Pero también es necesario no perder de vista una perspectiva funcional que a veces se olvida. La respuesta a la pregunta sobre cómo ha de ser el procedimiento penal ha de partir de una respuesta previa al interrogante de para qué sirve, qué es lo que se pretende a través de él.
En este sentido, se pueden formular algunas afirmaciones elementales. La primera es que se trata de un proceso, esto es, un litigio entre partes al que el juez, situado en una posición institucional ajena al conflicto, ha de dar una respuesta fundada en el ordenamiento jurídico. En esta posición institucional el juez ni es ni puede ser un instrumento de la política criminal, interesado en la consecución de sus fines. Su función procesal es la de juzgar, de modo imparcial, acerca de la pretensión punitiva que ejerciten, implícita o expresamente (según la fase procesal de que se trate) las partes acusadoras, y la pretensión total o parcialmente absolutoria ejercitada por la defensa.

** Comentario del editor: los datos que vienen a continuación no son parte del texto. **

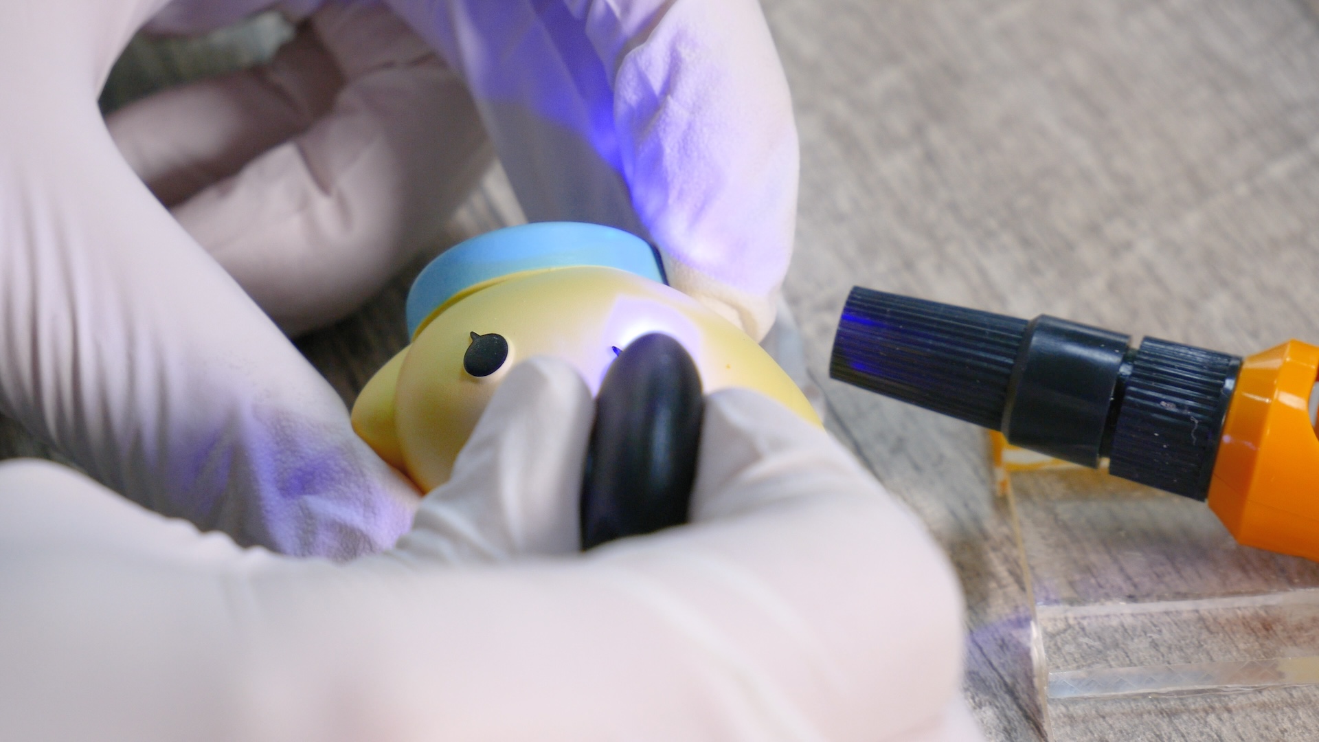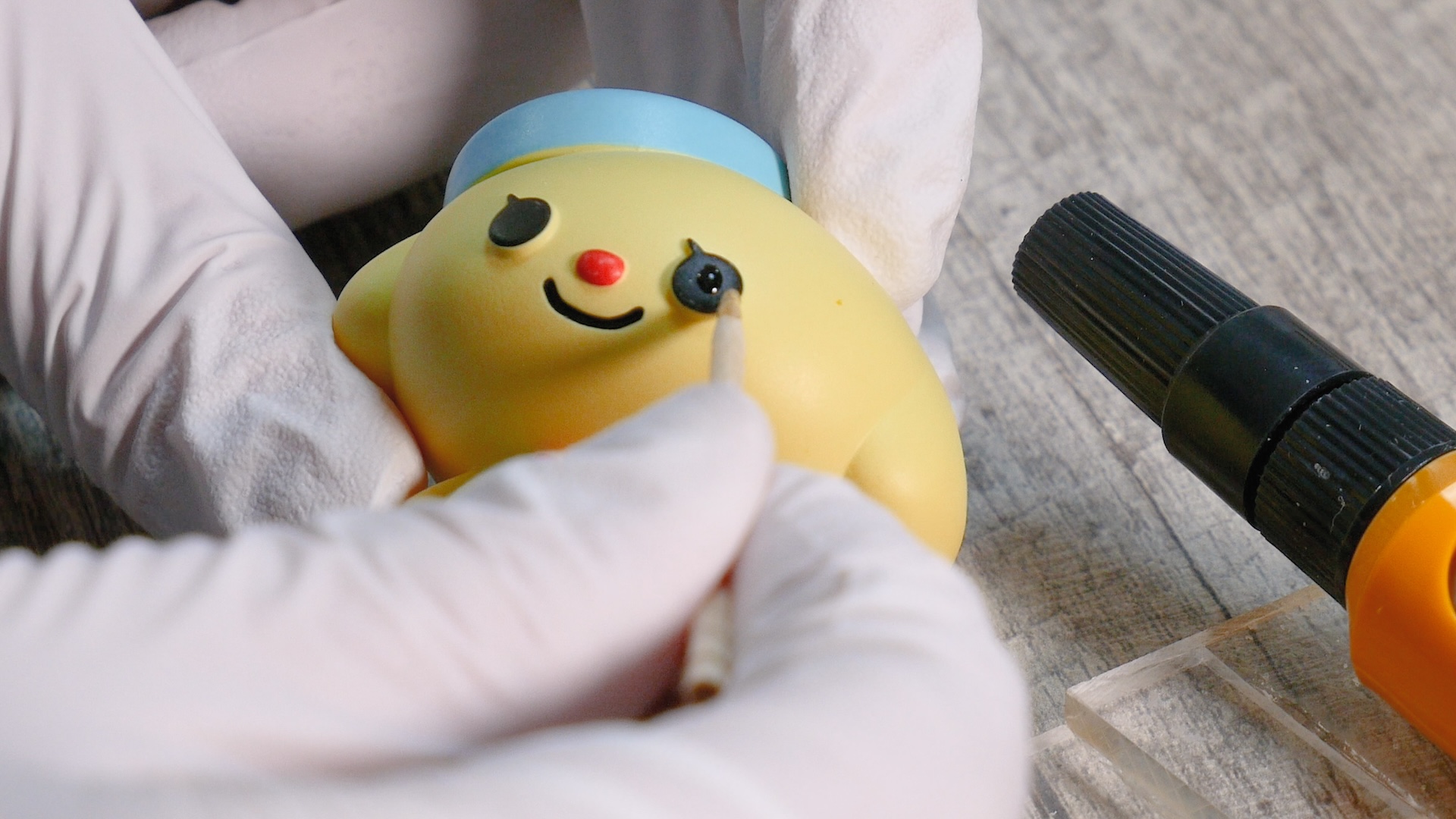 装飾部分や目などのデティールを強調するため、 「アロンアルフア 光」 を使ってぷっくりさせることもできます。専用ライトを使って透明ですぐ固まるという長所を活かした、「アロンアルフア 光」ならではの活用テクニックです。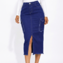 The Utility Cargo Denim Midi Skirt is designed to blend modern edge with everyday functionality. Featuring a structured silhouette with statement cargo pockets and a front slit detail, this skirt offers a flattering fit while adding a bold, street-style touch to your wardrobe.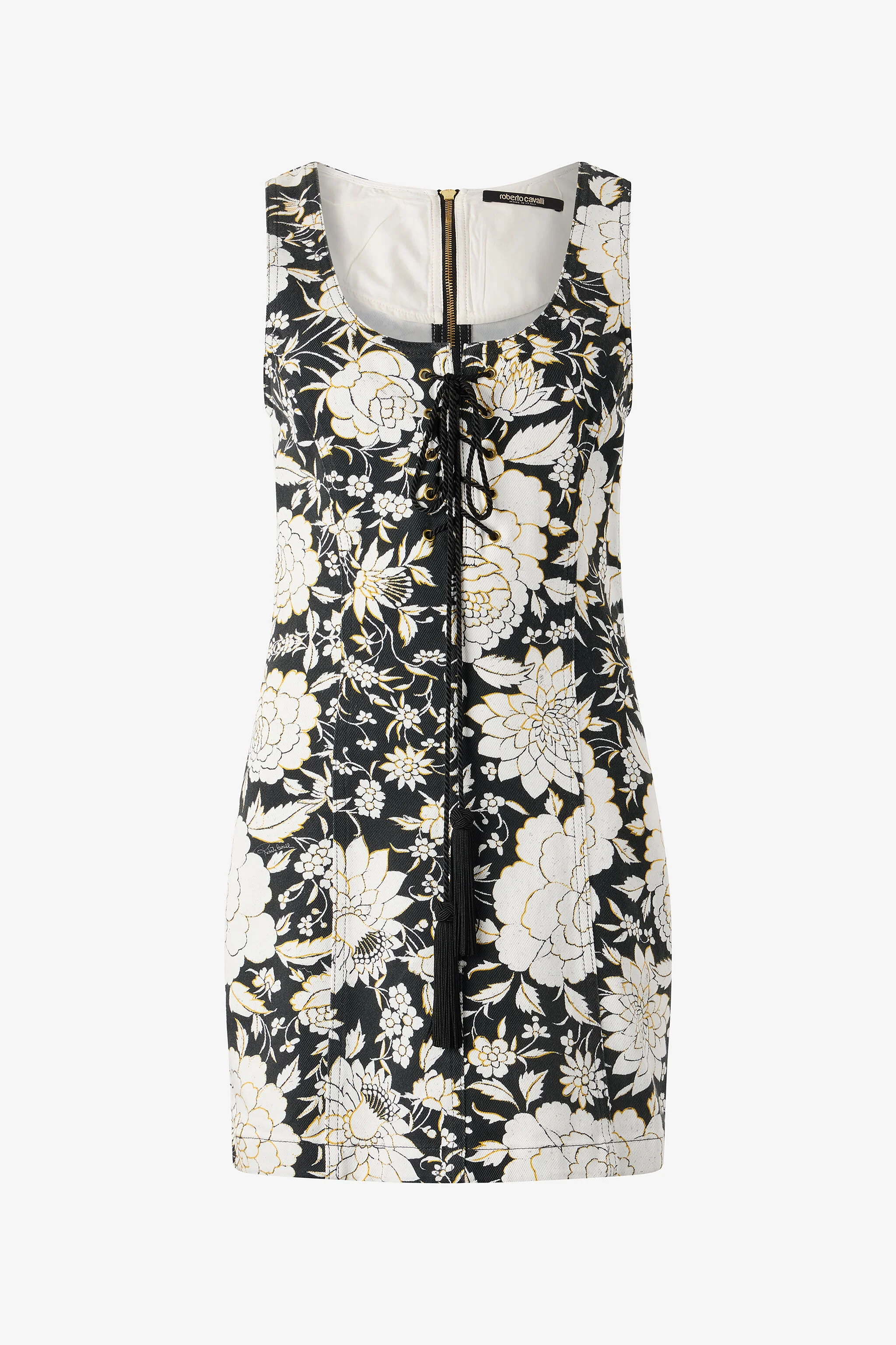 ID: VQJ150-DAP71-D0477 This refined mini dress by Roberto Cavalli features a romantic effect of contrasts, in which the minimalist silhouette is combined with an all-over floral pattern. This style, entirely made in Italy of stretch cotton, is also defined by a square neckline completed by a criss-cross lacing with tassel-finished ends. Details - Stretch cotton mini dress - Sleeveless design with a slim fit - All-over floral print - Square neckline with criss-crossing laces - Back fastening with visible zipper - Logo label inside the neck - Made in Italy

La segunda afirmación básica es que los derechos de defensa reconocidos en el ya señalado artículo 24 de la Constitución no son en modo alguno «concesiones» que hace la sociedad al delincuente, como a veces se presentan de forma interesada. Son por un lado, garantías de todos los ciudadanos, que de otra forma podrían verse indefensos ante acusaciones eventualmente injustificadas; y por otro, garantías de acierto de la propia resolución judicial, pues sólo a través de un proceso público «con todas las garantías» se pueden evitar errores judiciales, especialmente difíciles de reparar en este ámbito.
Con esta base, puede ya decirse, con carácter general, que los principios fundamentales del procedimiento penal han de ser aquellos que respondan a la doble exigencia de justicia y funcionalidad, sin que la una sea escindible de la otra pues, en definitiva, una respuesta judicial que no fuera funcional en el tiempo o en el modo dejaría en gran parte de ser justa.